Unfortunately, I don't see that it helps to replace "with a confidence level of 95%" with "at a significance level of 0.05" because for almost any value of N and any reasonable statistical test, you could establish a threshold for the statistic corresponding to a significance level of 0.05 and the usual null hypothesis would be that the rates are equal, not that they are different without specifying exactly how different they are.

Because you are given the actual decay rates, I suspect this question is about the "power" of a statistical test. If the problem told us what test we were to use, then the problem might be read something like this:

The trouble with my interpretation is that your statement of the problem doesn't mention a specific test to use. Perhaps Chiro has some better ideas.

10. Mar 22, 2012

### QuArK21343

I have had a quick look at wikipedia's pages on student t-test and t-distribution and as far as I understand, your interpretation is very sensible. Assuming that the test to use is the t-test, how should I proceed in practice? Unfortunately my translation is literal, so the problem's statement is itself a bit ambiguous. The only other thing I can do is to ask my professor...

11. Mar 23, 2012

### chiro

I'm assuming that the approximation of the estimator for the standardized mean is approximated well enough to a standard normal distribution so that the OP doesn't have to worry about more complicated methods.

I also think you have mentioned an important point about the power of the test since that is a good way to mathematically show some kind of boundary for the usefulness of the test.

In terms of the actual test, I'm not really an expert in statistics but assuming that the normal approximation is good enough for the estimator of the means (for both distributions) then an unpaired, unpooled normal two-sample t-test in my mind seems appropriate.

In terms of power calculations I did a quick google and I got this:

http://www.ats.ucla.edu/stat/stata/dae/t_test_power2.htm

The thing is though, you would have to find out given a sample size for each data set and the interval for an estimated mean how 'close' the distribution of the estimator of the standardized mean actually is to a normal.

I'm pretty sure someone has already worked on this problem and come up with some ideas relating the point estimate of the mean using the sample information and the number of samples particularly for a Poisson distribution.
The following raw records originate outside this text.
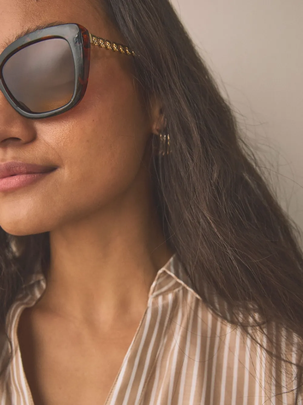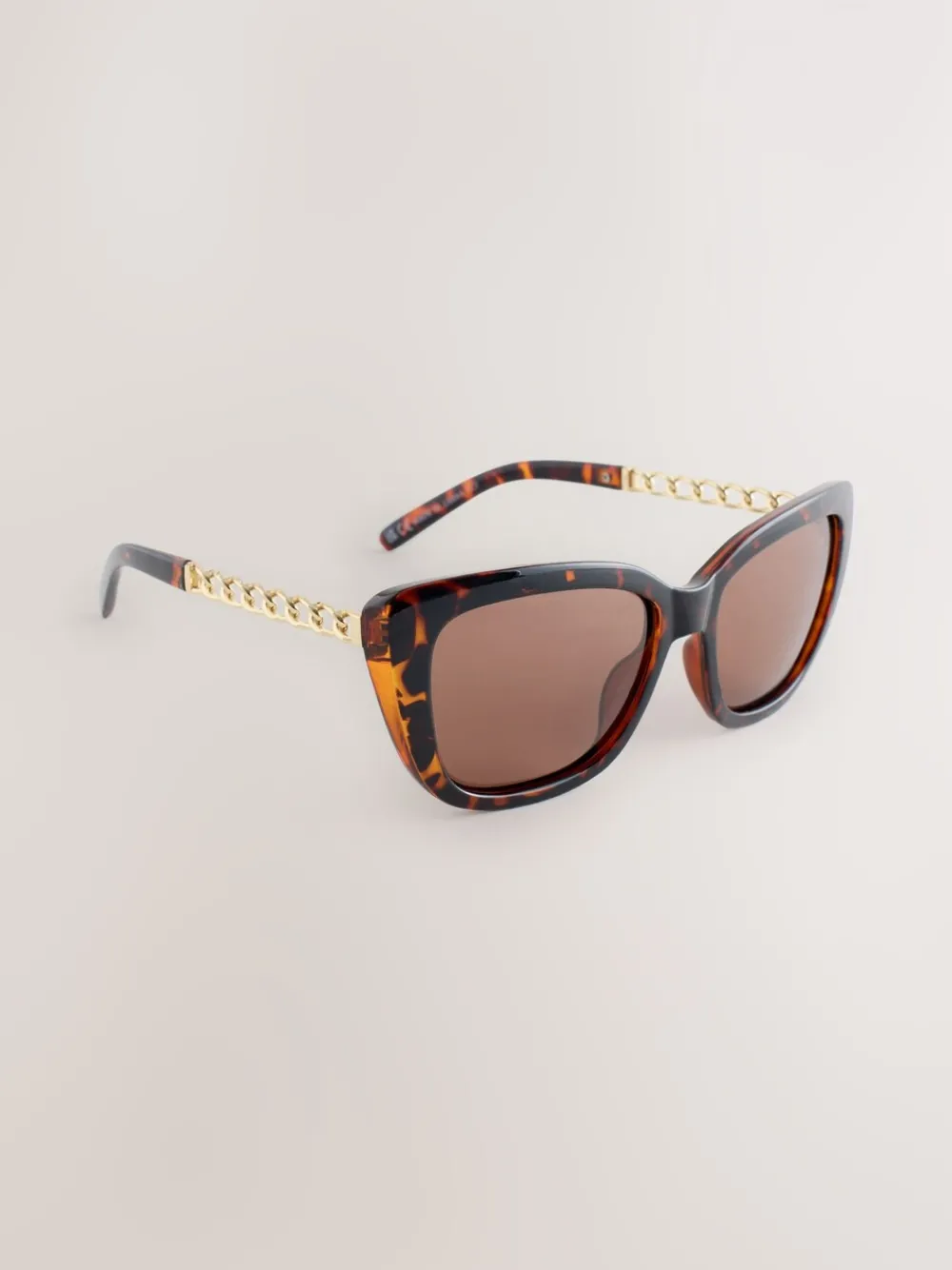 Shade your eyes in glamorous style with these sophisticated tortoiseshell sunglasses. The flattering frame shape features chic gold-tone chain detailing along the arms for a touch of luxury. Filter Category 3 Tortoiseshell brown frame Gold-tone chain arm detailing Hoofdzakelijk 75% gerecycled polycarbonaat, 25% zink. Lens 100% Triacetaat. Gepolariseerde lenzen zijn gecoat met een speciale film die verblinding en de schadelijke effecten van UV-licht helpt verminderen., Hoge bescherming tegen zonlicht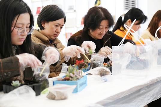“多肉木盒”活动在外请指导老师的带领下如火如荼展开,各位女性教职员工各自挑选心仪的多肉植物小型盆栽,并进行制作,最终将成品带回用以装点生活和工作环境,美化环境和身心放松两者兼得。此次活动在温馨快乐的氛围中落下帷幕。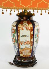 Japanese Imari porcelain table lamp, 28" high.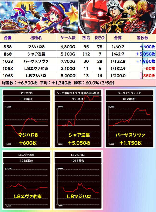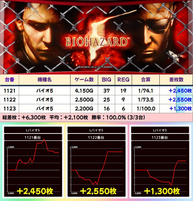 気が付けばもうすぐ導入から一年が経つバイオ5が全台プラス差枚。追う理由があったのでしょうか…?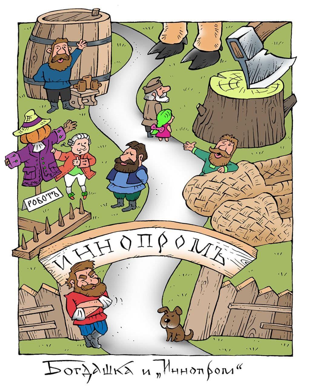 Правда, со временем выяснилось, что роботы оказались совсем даже не передовыми новинками, а древними и бывшими в употреблении, царя каждый раз приходится ждать на жаре три часа, а кормят в избах скверно и только за большие деньги. Тогда китайскую водку селяне выпили, роботов перебили и утопили в болоте, избы сожгли, а губернатора прогнали.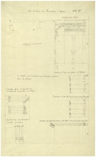 Rilievo del Pantheon (da Les Antiques Edifices de Rome). Occhio centrale e altri particolari dell'interno. Rilievo del Pantheon (da Les Antiques Edifices de Rome). Occhio centrale e altri particolari dell'interno
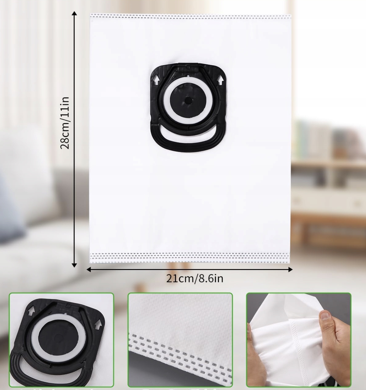 - Materiał: wytrzymały, filtrujący kurz i drobne zanieczyszczenia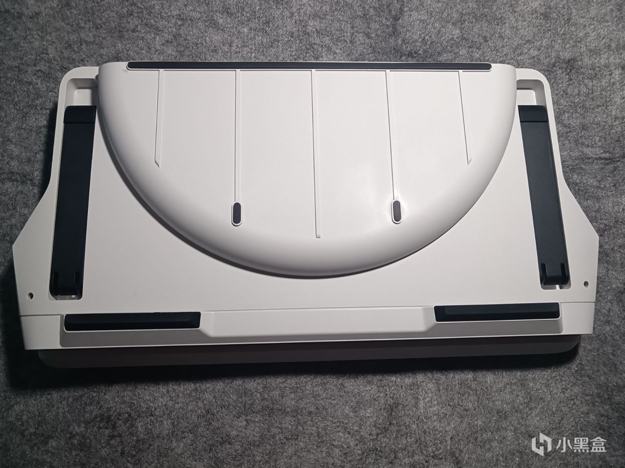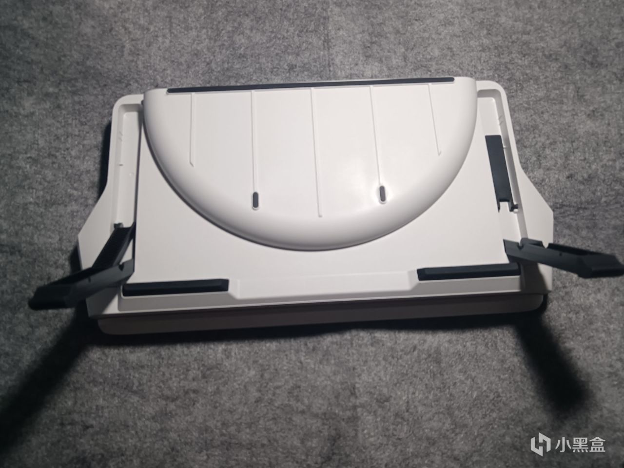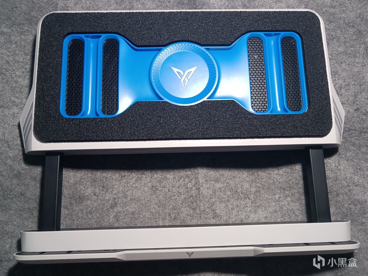 为了适配各个尺寸的笔记本,前面的部分还是可以拉开的,主要是为了出风口可以对准电脑的进风口,并且边缘部分做了一个可以升降的挡板,可以有效防止笔记本电脑下滑。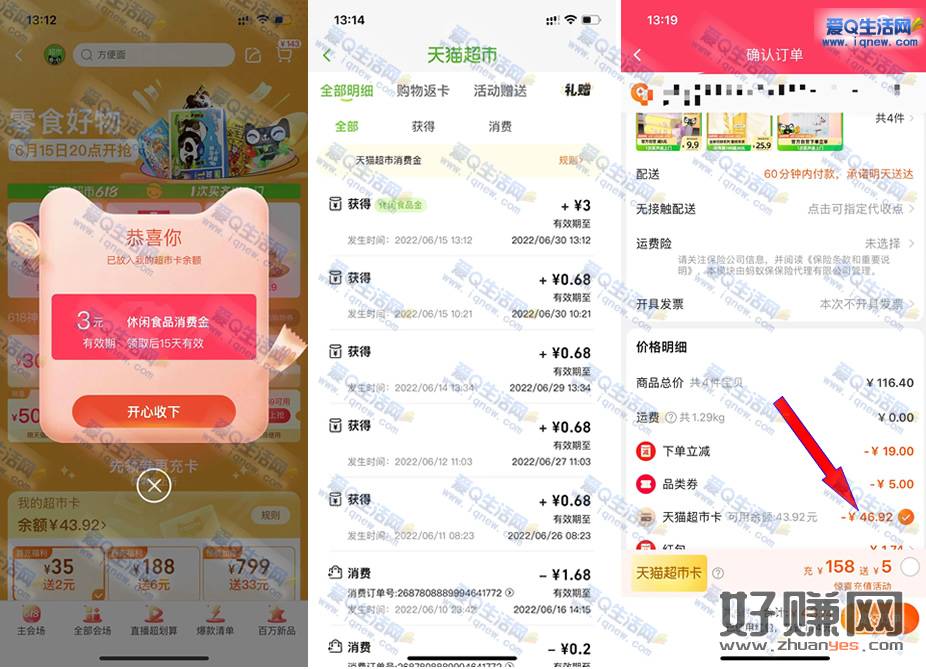 淘宝扫码进入活动页面会自动弹出消费金-再去天猫超市购买休闲食品-小编是买了一些洗面奶再加上一包辣条,付款的时候可以看到原来只有43.92元猫超卡但是扣除的是46.92,里面包含了3元消费金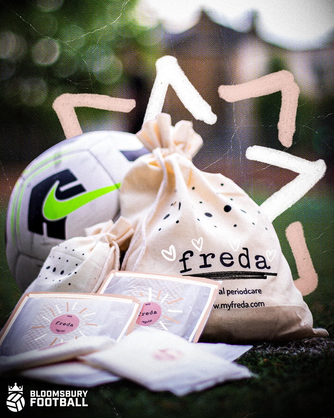 Freda is a period care subscription service with a difference. Seeing refugees stuck in temporary camps and border crossings across Europe, Freda’s founder Affi Parvizi-Wayne started to research the practical elements of displacement for women’s health. She found that many of these women did not have access to period products, as they were not included in the relief kits provided by the UN and other organisations. The shame, stigma and simple lack of awareness around periods were stopping those with periods from gaining access to these essential items. Freda was created, and it now gives back to causes such as Bloody Good Period and challenges societal norms, such as with this new partnership with Bloomsbury Football.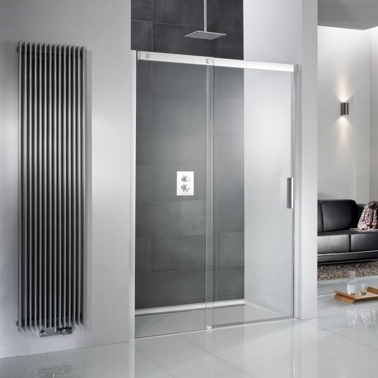 2-fach designprämiert: Die 8 mm starken Glaselemente der K2P Gleittürlösungen gleiten leise und leicht auf kugelgelagerten Rollenwagen in einer komplett geschlossenen Gleitschiene.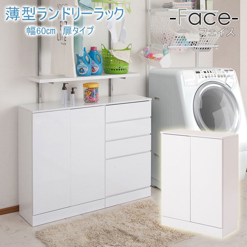 ランドリーキャビネット 薄型 幅60cm 開き戸収納 洗面所収納 スリム ランドリー収納 光沢ホワイト色 省スペース 可動棚多め FCE

You could possible use the 'rule of thumb' for the Binomial and then take the appropriate limits, but if you can find existing results for these bounds then it's probably a good idea to just use those.

An important note for the OP: if the normality condition isn't "good enough", your results won't be an accurate reflection of the data. The specific conditions depend on the different non-linearities of the distribution.

What you could do if you have time later on, is to simulate an estimator of the mean for various simulated variables with a given mean (and subsequently variance) in a statistical package and then see both graphically (histogram) and numerically (Shapiro-Wilk) how the normality condition adds up.

For your statistics class I'm going to go out on a limb and say that they want you to use a t-test like the one mentioned in the link above, but if you do further statistics it's important to be aware of issues like this.

12. Mar 23, 2012

### Stephen Tashi

Are you supposed to use some statistical software package to solve the exercise or are you expected to get an answer by hand calculation and consulting printed tables? (I myself have never done power calculations for the t-test, but I think we can figure this out.)

In the USA, it would be good to ask the professor. I don't know about your environment. If you ask, be sure and mention the topic of "power of a statistical test".